- Born: 9 August 1950 Tlemcen, French Algeria
- Died: 19 February 2023 (aged 72) Garches, France
- Occupation: Lawyer
- Spouse: Jacqueline Laffont

= Pierre Haïk =

French lawyer (1950–2023)

Pierre Haïk (9 August 1950 – 19 February 2023) was a French lawyer. He defended high-profile politicians, such as Nicolas Sarkozy, Serge Dassault and Charles Pasqua.

==Biography==
Born in Tlemcen, French Algeria, on 9 August 1950, Haïk began his career in law, working on cases of robbery and gang violence. He began a partnership with Thierry Herzog. He focused particularly on the Gang des postiches cases and the UBS robberies. In the 1990s, he was joined by Hervé Temime on multiple criminal cases, leading his team to be dubbed as "les trois H".

In 1984, Haïk met Jacqueline Laffont, whom he later married. According to GQ, the two were among "the most powerful lawyers in France". In the late 1990s, he had numerous politicians as clients, including former Minister of the Interior Charles Pasqua, former President of Ivory Coast Laurent Gbagbo, the spouse of the Mayor of Paris Xavière Tiberi, and former chief executive of Vivendi, Jean-Marie Messier. He also defended Michel Roussin, former President Jacques Chirac's chief of staff in the Affaire des emplois fictifs de la mairie de Paris, businessman Alfred Sirven in the Affaire Elf, and Laurent Fabius's former cabinet director, Louis Schweitzer, in the incident of contaminated haemophilia blood products.

In the 2000s, Haïk defended the businessman Arcadi Gaydamak in the Mitterrand–Pasqua affair.
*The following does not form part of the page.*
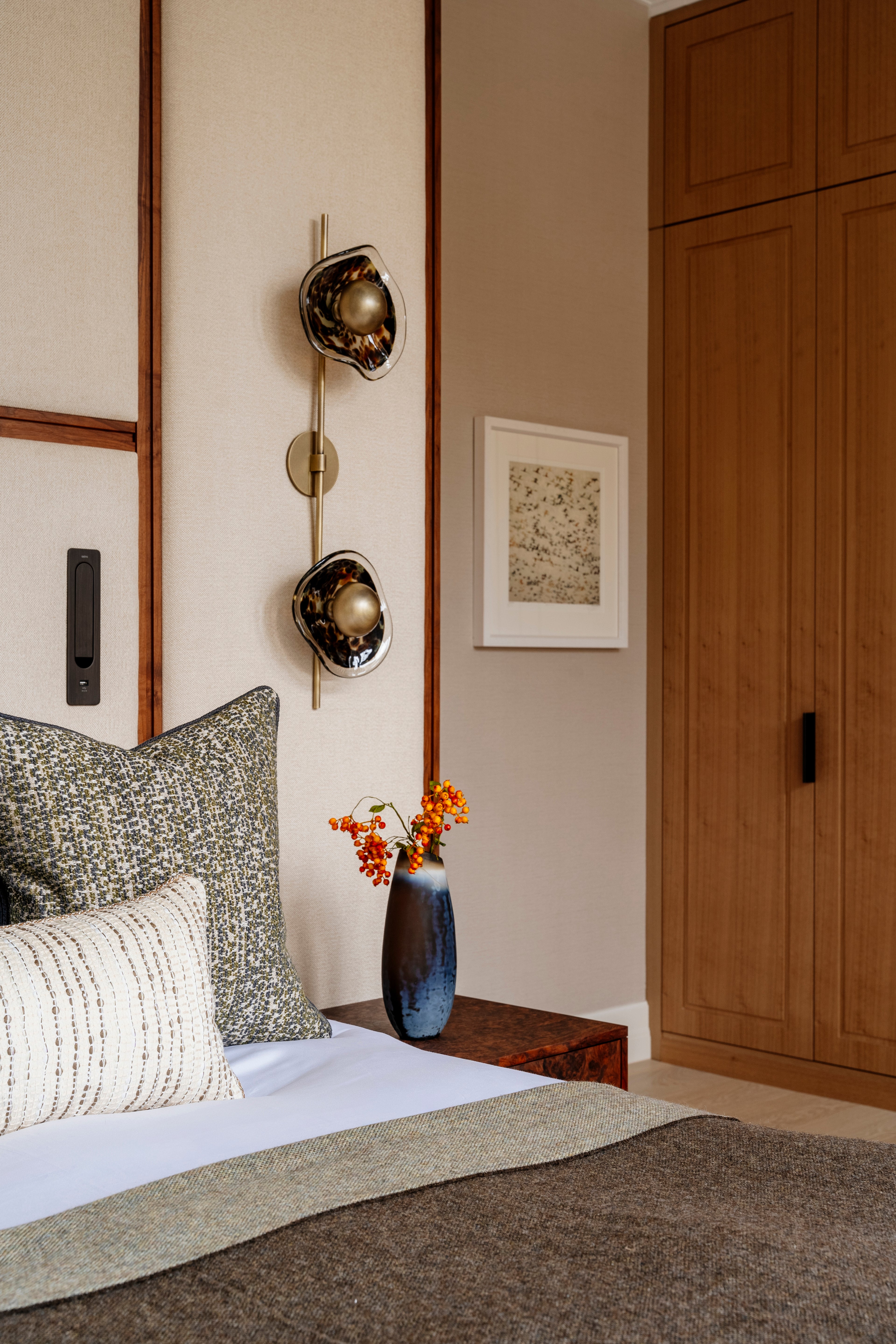 Designed by interior designer Studio Miaki, this stunning London townhouse went through a complete refurb. Studio Miaki selected the Ortus Wall lights for the master bedroom along with a bespoke design chandelier for the staircase.

In the 2010s, he defended Pasqua in the Affaire du siège de GEC-Alsthom Transport, while his wife defended Pasqua in the Affaire du casino d'Annemasse. The couple defended Patrice de Maistre in the Bettencourt affair, as well as Serge Dassault and Alexandre Benalla.

Due to Alzheimer's disease, Haïk began ending his activities in 2019. In 2020, his wife took over Sarkozy's case in the Bismuth affair. He died on 19 February 2023, at age 72.